# Atlas Sr. Design Progress



## Atlas Sr Design (Dec 2, 2010)

Hello, we are students at Eastridge High School in Rochester, N.Y. We are in a class where we design and produce an effective prototype of our groups choice. My group decided to do a snow removal device for driveways and walkways. This thread is designed to keep everyone updated on our progress.

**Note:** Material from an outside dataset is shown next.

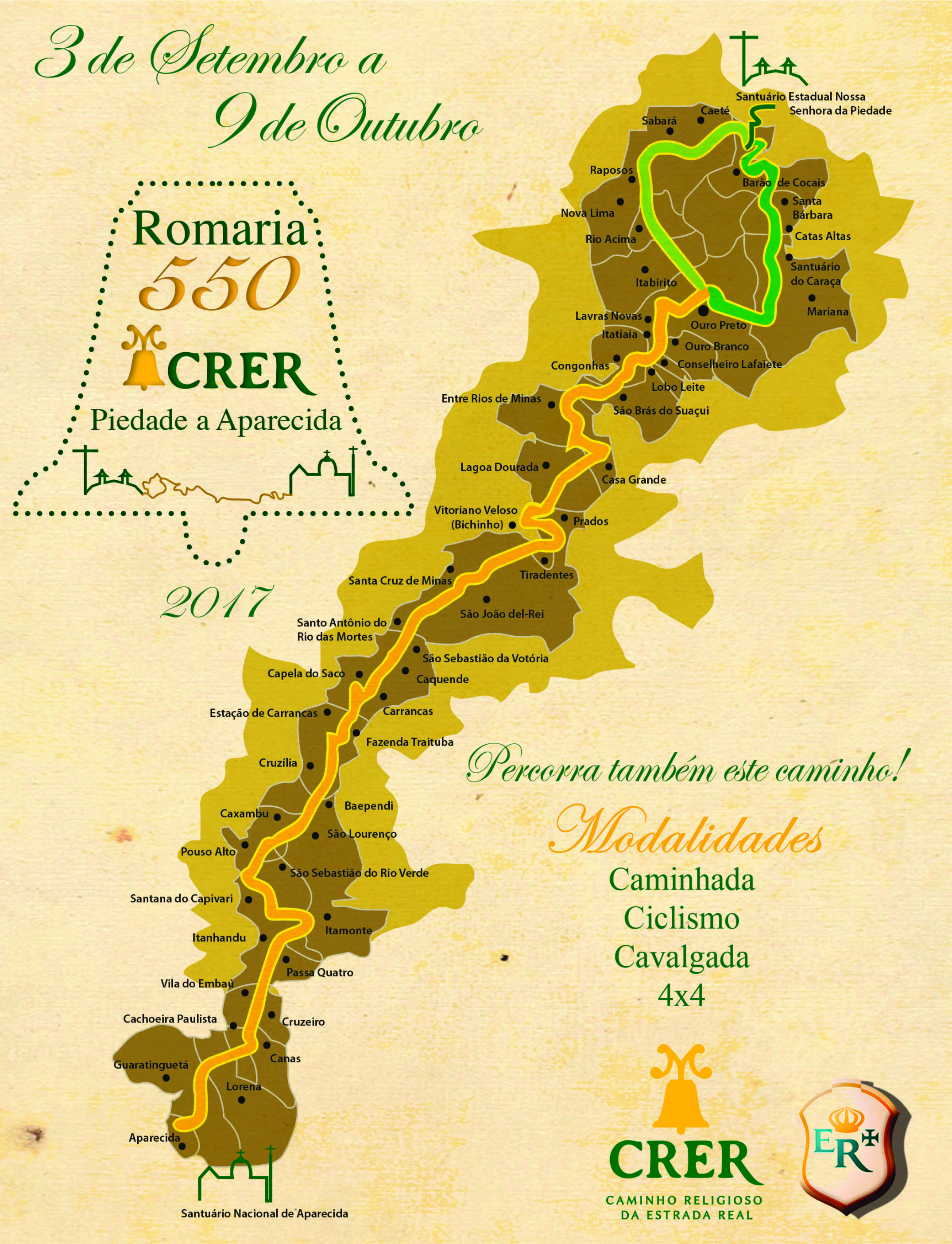 Essa história tricentenária de fé e religiosidade será celebrada entre os dias 1 a 3 de setembro, durante a abertura do 2º Salão Nacional do Turismo Religioso, com o lançamento oficial do Caminho Religioso da Estrada Real (CRER), em Caeté. Aproveitando esse momento único, a maior rota de turismo religioso do Brasil realiza a Romaria 550, que liga o Santuário Estadual Nossa Senhora da Piedade, localizado em Caeté, ao Santuário Nacional de Aparecida, em São Paulo, passando por 32 municípios mineiros e seis paulistas, num percurso de mais de mil quilômetros.

we will post concepts as soon as possible

please leave any comments


----------



## mercer_me (Sep 13, 2008)

I am looking forward to se what you guys come up with.


----------



## Atlas Sr Design (Dec 2, 2010)

here is the concept we came up with, it is just one of five, but it is a new and potentially good idea
it is a Snow Rake, or what we came up with, Snake. it utilized the raking motion instead of pushing. What is unique is the second level rake teeth, this captures the snow that can flow between the first set and moves more snow than just one level of rake teeth. The teeth are also wide to move snow.


----------



## JohnnyU (Nov 21, 2002)

That pulling/twisting motion is more harmful for a person's back than the actual lifting motion.


----------



## mercer_me (Sep 13, 2008)

I'll be honest I don't think it would work that great.


----------



## Atlas Sr Design (Dec 2, 2010)

like i said its just one of five other prototypes, we are producing them in inventor studio right now


----------



## mercer_me (Sep 13, 2008)

Atlas Sr Design;1222042 said:


> like i said its just one of five other prototypes, we are producing them in inventor studio right now


I'm looking forward to seing you other designs.


----------



## Atlas Sr Design (Dec 2, 2010)

Our other option is a shovel with interchancheable heads that include a plow like shovel that angles to the left, one to the right, a thin shovel for sidewalks, a wide shovel for driveways, and. an icepick attachment


----------



## mercer_me (Sep 13, 2008)

Atlas Sr Design;1226668 said:


> Our other option is a shovel with interchancheable heads that include a plow like shovel that angles to the left, one to the right, a thin shovel for sidewalks, a wide shovel for driveways, and. an icepick attachment


That sounds like a great idea if you build it good and rugged.


----------



## magik235 (Dec 28, 2007)

mercer_me;1227023 said:


> That sounds like a great idea if you build it good and rugged.


... I agree


----------



## Mabepossibly (Dec 12, 2010)

Id never buy one, but a shovel with a battery heated handle grip and integrated LED light would probably sell pretty good.


----------



## EvenCutLawnCare (Aug 12, 2008)

Mabepossibly;1227851 said:


> Id never buy one, but a shovel with a battery heated handle grip and integrated LED light would probably sell pretty good.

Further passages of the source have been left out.